For instance, shortly after my arrival, a party of 5 walked in. Apparently, the daughter, aged about 10, had 'hurt her foot'. I'm thinking she can't have hurt it that badly since she was walking on it. Quite why it was necessary to bring not only the injured party but also the brother, both parents and a grandparent was beyond me. Equally baffling was the gang of girls chatting in a corner who periodically stepped outside of the doors to use their phones or have a quick smoke. I couldn't work out which one of them required urgent care. It seems that every person who visits the Urgent Care Centre is obliged to come with an entourage that wouldn't look out of place with Simon Cowell! I seriously considered phoning some of my friends to come down so that the boy wouldn't feel inadequate!

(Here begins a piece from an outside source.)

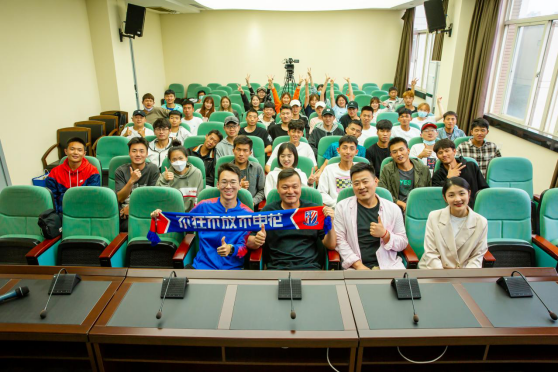 第二期:2021年5月23日15:00,在中南民族大學(xué)15棟教學(xué)樓教師發(fā)展中心多功能廳邀請(qǐng)前中國(guó)男子足球國(guó)家隊(duì)隊(duì)員、曾效力于八一隊(duì)、上海申花、河南建業(yè)、青島黃海、武漢三鎮(zhèn)等多支職業(yè)足球俱樂(lè)部的職業(yè)足球運(yùn)動(dòng)員姜坤。主題:足球運(yùn)動(dòng)與教育。沙龍活動(dòng)中,姜指導(dǎo)給我們講解了現(xiàn)代足球最新的技戰(zhàn)術(shù)發(fā)展理念和比賽陣型,與此同時(shí),他分享了在八一隊(duì)效力的故事:八一隊(duì)效力時(shí)期既接受了軍人教育,也接受職業(yè)足球教育,并告訴同學(xué)們,學(xué)習(xí)是很重要的事情。在踢球的同時(shí),也要不斷地看書、學(xué)習(xí)。互動(dòng)交流環(huán)節(jié),同學(xué)們針對(duì)自己當(dāng)前所面臨的足球困惑向姜指導(dǎo)請(qǐng)教,姜指導(dǎo)面對(duì)同學(xué)們提出的問(wèn)題一一進(jìn)行解答,結(jié)合自己的經(jīng)歷、經(jīng)驗(yàn)為同學(xué)們指導(dǎo)。結(jié)束后,姜指導(dǎo)與參與此次沙龍的同學(xué)合影。

Consequently, our wait was actually quite short, and I have to say, the medical workover that the boy was given was very impressive. A nurse came and listened to his chest, took his SATs, temperature and pulse, watched him breathe and cooed over him in a most gratifying way. Then a doctor came and listened to his chest, checked his chart and clucked over him. Following that another nurse came in and re-did all the tests that the first nurse had done, although with slightly less grace. By this time, I was almost hoping that it would turn out to be a bona fide chest infection or else surely all these professionals would be grumbling about the crazy woman the minute I'd left.
In the end, the doctor came back and pronounced it a 'viral infection', i.e. a cold. It was a rather more sheepish me that left the Urgent Care Centre than entered it.
I must just finish the story off by telling you that we did attend Friday's GP appointment after all as the ruttly chest situation had not improved at all over the intervening few days. My lovely GP had a quick listen and immmediately identified the rattling that I could both hear and feel at the bottom of his chest as basal creps, meaning that, yes, he has a chest infection.
I'm pretty sure that our adventures with the yellow, foul-smelling antibiotic medicine will be a whole other story though!